◆ **Data listing**
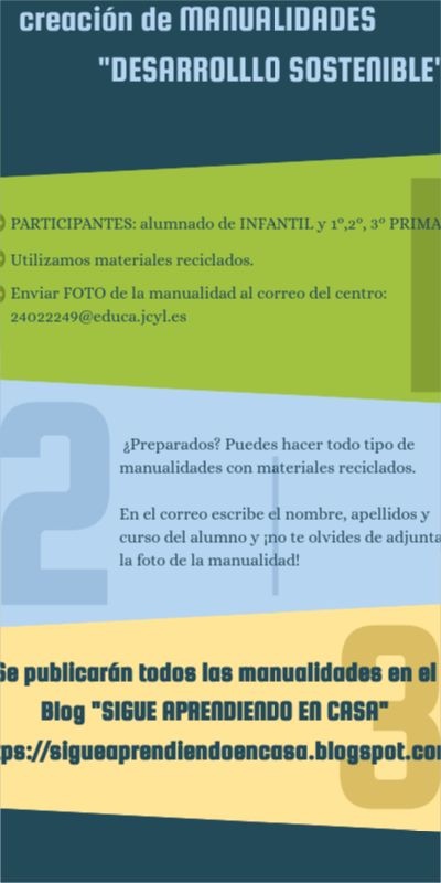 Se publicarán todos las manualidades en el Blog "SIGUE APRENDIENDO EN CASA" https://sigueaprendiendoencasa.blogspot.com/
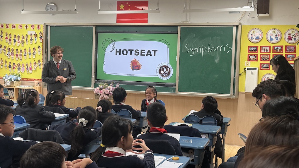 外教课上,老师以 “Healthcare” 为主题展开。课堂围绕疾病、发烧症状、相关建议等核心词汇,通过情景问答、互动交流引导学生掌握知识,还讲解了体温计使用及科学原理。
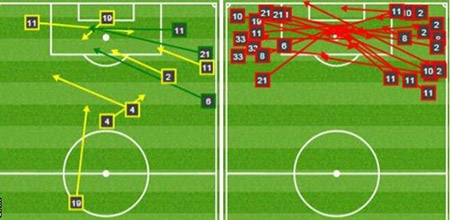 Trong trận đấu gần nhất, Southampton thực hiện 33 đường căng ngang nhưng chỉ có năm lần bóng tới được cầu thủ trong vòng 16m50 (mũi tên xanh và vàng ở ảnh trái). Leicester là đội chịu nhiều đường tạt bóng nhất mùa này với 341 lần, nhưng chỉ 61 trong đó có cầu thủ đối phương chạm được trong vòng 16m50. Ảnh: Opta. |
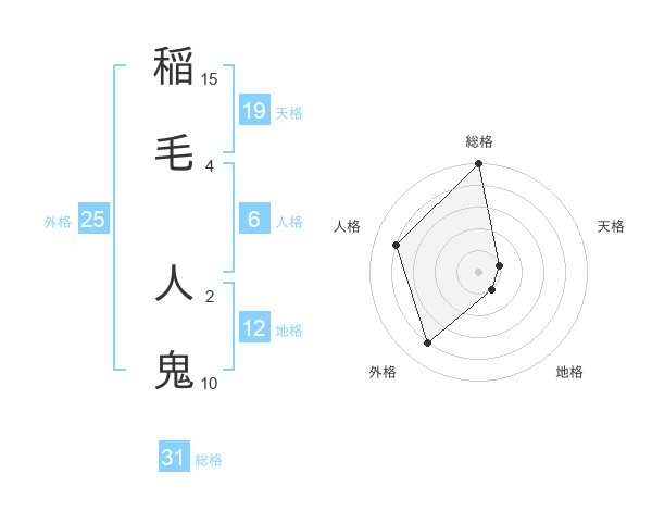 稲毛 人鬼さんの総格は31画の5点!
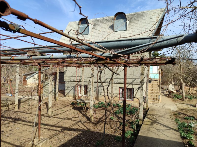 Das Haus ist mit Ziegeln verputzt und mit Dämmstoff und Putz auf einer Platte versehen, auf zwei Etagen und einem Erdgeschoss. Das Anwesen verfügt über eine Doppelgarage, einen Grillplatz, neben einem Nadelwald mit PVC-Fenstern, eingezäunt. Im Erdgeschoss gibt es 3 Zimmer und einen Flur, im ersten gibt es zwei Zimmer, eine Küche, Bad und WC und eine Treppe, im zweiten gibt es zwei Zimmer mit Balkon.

◆ **What the task asks**
Could the entries above be written out word for word, with no pictures?

◆ **Written answer**
 Se publicarán todos las manualidades en el Blog "SIGUE APRENDIENDO EN CASA" https://sigueaprendiendoencasa.blogspot.com/
 外教课上,老师以 “Healthcare” 为主题展开。课堂围绕疾病、发烧症状、相关建议等核心词汇,通过情景问答、互动交流引导学生掌握知识,还讲解了体温计使用及科学原理。
 Trong trận đấu gần nhất, Southampton thực hiện 33 đường căng ngang nhưng chỉ có năm lần bóng tới được cầu thủ trong vòng 16m50 (mũi tên xanh và vàng ở ảnh trái). Leicester là đội chịu nhiều đường tạt bóng nhất mùa này với 341 lần, nhưng chỉ 61 trong đó có cầu thủ đối phương chạm được trong vòng 16m50. Ảnh: Opta. |
 稲毛 人鬼さんの総格は31画の5点!
 Das Haus ist mit Ziegeln verputzt und mit Dämmstoff und Putz auf einer Platte versehen, auf zwei Etagen und einem Erdgeschoss. Das Anwesen verfügt über eine Doppelgarage, einen Grillplatz, neben einem Nadelwald mit PVC-Fenstern, eingezäunt. Im Erdgeschoss gibt es 3 Zimmer und einen Flur, im ersten gibt es zwei Zimmer, eine Küche, Bad und WC und eine Treppe, im zweiten gibt es zwei Zimmer mit Balkon.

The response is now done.